→ Activity: Copy the lines below word for word, skipping any image.

--

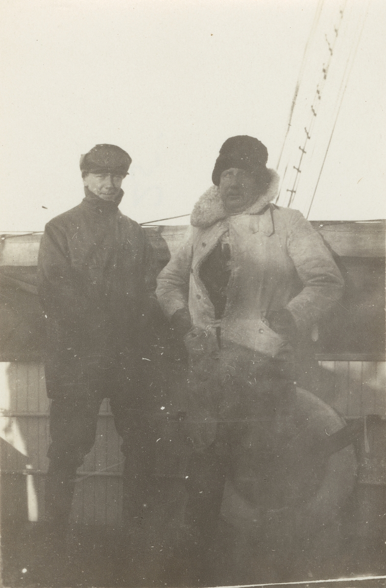 Fotografi från expedition till Spetsbergen. Motiv av två män som poserar ombord på ett skepp.
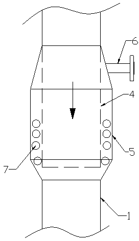目前天然氣廢水處理蒸發(fā)結(jié)晶分離系統(tǒng)中較常使用的固液分離裝置結(jié)構(gòu)如圖1所示,它包括循環(huán)管1、分離管2和清液排出口3,清液排出口3設(shè)置在分離管2頂端,分離管2與循環(huán)管1呈一定角度連接,其工作原理為料液在下降過程中填充分離管2,由于固體顆粒的密度大于液體,因此清液的上升速度快于固體顆粒,當清液上升至清液排出口3排出時,固體顆粒并未到達清液排出口,并且因為分離管2與循環(huán)管1呈一定角度連接,當固體顆粒填充到一定高度還未到達清液排出口時,其填充重量已達到沉降重量,固體顆粒沉降落回循環(huán)管從而實現(xiàn)母液與固體顆粒間的分離。但是該種結(jié)構(gòu)存在如下缺點:固液分離裝置的分離管與循環(huán)管要呈一定角度連接,其尺寸受到限制,并且影響到結(jié)晶分離系統(tǒng)其它設(shè)備的布置,分離效果也差。
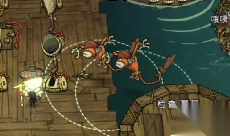 和猎犬袭击事件的机制类似,玩家的生存时间、与月亮码头女王的相隔距离,都是会影响事件发生的概率、冷却,以及事件里出现的火药猴数量。袭击到来之前,玩家能通过背景音乐的变化和角色的台词得到预警,从而有着更好的准备。抢夺玩家物品的袭击是属于大概率出现的,海盗船会逐渐靠近玩家的漂浮物(船只),之后火药猴会跳上玩家的船并放下船锚,收起船帆,在保证船只停止运行后,就开始抢夺物品。
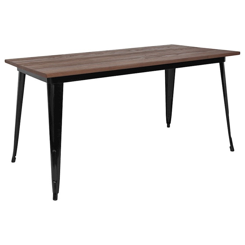 Make room in your modern or rustic space with this metal cafe dining table with wood top. The spacious tabletop is 30.25 x 60 inches that will comfortably accommodate six chairs. It features a gorgeous textured surface with a stabilizing brace that gives it increased stability while still allowing ample leg room. Rubber floor glides protect your floor by sliding smoothly when you need to move it. Designed for both commercial and residential use, this trend-setting table is a great choice for your restaurant’s dining area or your kitchen at home. [CH-61010-29M1-BK-GG]
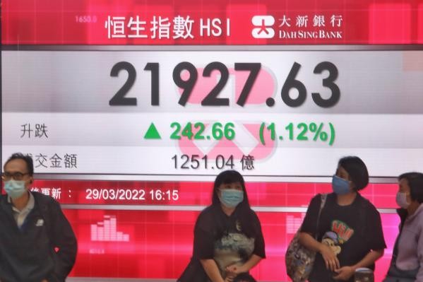 香港中通社3月29日電 香港股市29日反覆勢好,恆生指數收市報21927點,升242點或1.12%,連升兩個交易日,累漲522點。 當日,恆生指數早市先輕微高開86點至21771點,其後一直處於整固之中。午後港股反覆向好,收市逼近高位。大市成交額為1251.04億港元,為3月3日以來最低。
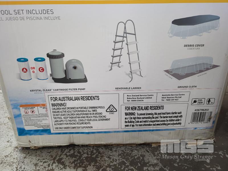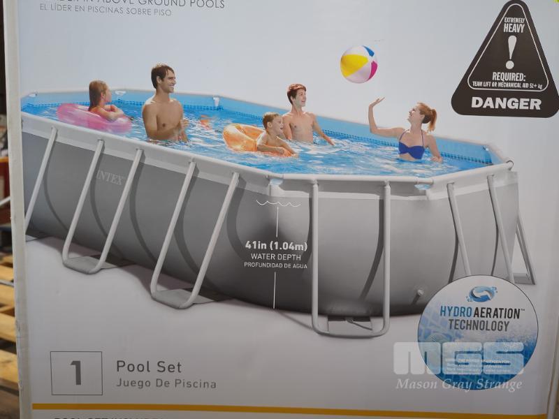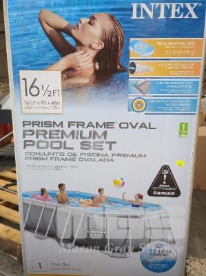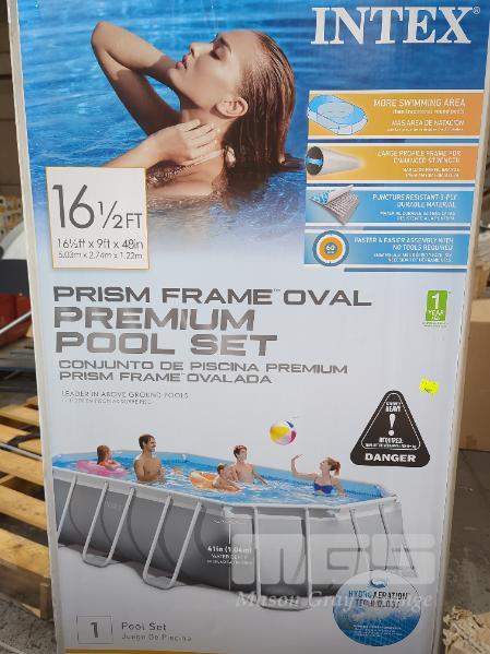 INTEK PREMIUM ABOVE GROUND POOL SET COMPRISING 5M PRISM FRAME OVAL SWIMMING POOL, KRYSTAL CLEAR CARTRIDGE FILTER PUMP & HOSES, LADDER, POOL COVER AND GROUND SHEET. POOL DIMENSIONS: 5.03 X 2.74 X 1.22 M (W D H) POOL VOLUME: 13,365 L. ALL NEW IN BOX

--

→ Response below:
 Fotografi från expedition till Spetsbergen. Motiv av två män som poserar ombord på ett skepp.
目前天然氣廢水處理蒸發(fā)結(jié)晶分離系統(tǒng)中較常使用的固液分離裝置結(jié)構(gòu)如圖1所示,它包括循環(huán)管1、分離管2和清液排出口3,清液排出口3設(shè)置在分離管2頂端,分離管2與循環(huán)管1呈一定角度連接,其工作原理為料液在下降過程中填充分離管2,由于固體顆粒的密度大于液體,因此清液的上升速度快于固體顆粒,當清液上升至清液排出口3排出時,固體顆粒并未到達清液排出口,并且因為分離管2與循環(huán)管1呈一定角度連接,當固體顆粒填充到一定高度還未到達清液排出口時,其填充重量已達到沉降重量,固體顆粒沉降落回循環(huán)管從而實現(xiàn)母液與固體顆粒間的分離。但是該種結(jié)構(gòu)存在如下缺點:固液分離裝置的分離管與循環(huán)管要呈一定角度連接,其尺寸受到限制,并且影響到結(jié)晶分離系統(tǒng)其它設(shè)備的布置,分離效果也差。
 和猎犬袭击事件的机制类似,玩家的生存时间、与月亮码头女王的相隔距离,都是会影响事件发生的概率、冷却,以及事件里出现的火药猴数量。袭击到来之前,玩家能通过背景音乐的变化和角色的台词得到预警,从而有着更好的准备。抢夺玩家物品的袭击是属于大概率出现的,海盗船会逐渐靠近玩家的漂浮物(船只),之后火药猴会跳上玩家的船并放下船锚,收起船帆,在保证船只停止运行后,就开始抢夺物品。
 Make room in your modern or rustic space with this metal cafe dining table with wood top. The spacious tabletop is 30.25 x 60 inches that will comfortably accommodate six chairs. It features a gorgeous textured surface with a stabilizing brace that gives it increased stability while still allowing ample leg room. Rubber floor glides protect your floor by sliding smoothly when you need to move it. Designed for both commercial and residential use, this trend-setting table is a great choice for your restaurant’s dining area or your kitchen at home. [CH-61010-29M1-BK-GG]
 香港中通社3月29日電 香港股市29日反覆勢好,恆生指數收市報21927點,升242點或1.12%,連升兩個交易日,累漲522點。 當日,恆生指數早市先輕微高開86點至21771點,其後一直處於整固之中。午後港股反覆向好,收市逼近高位。大市成交額為1251.04億港元,為3月3日以來最低。
 INTEK PREMIUM ABOVE GROUND POOL SET COMPRISING 5M PRISM FRAME OVAL SWIMMING POOL, KRYSTAL CLEAR CARTRIDGE FILTER PUMP & HOSES, LADDER, POOL COVER AND GROUND SHEET. POOL DIMENSIONS: 5.03 X 2.74 X 1.22 M (W D H) POOL VOLUME: 13,365 L. ALL NEW IN BOX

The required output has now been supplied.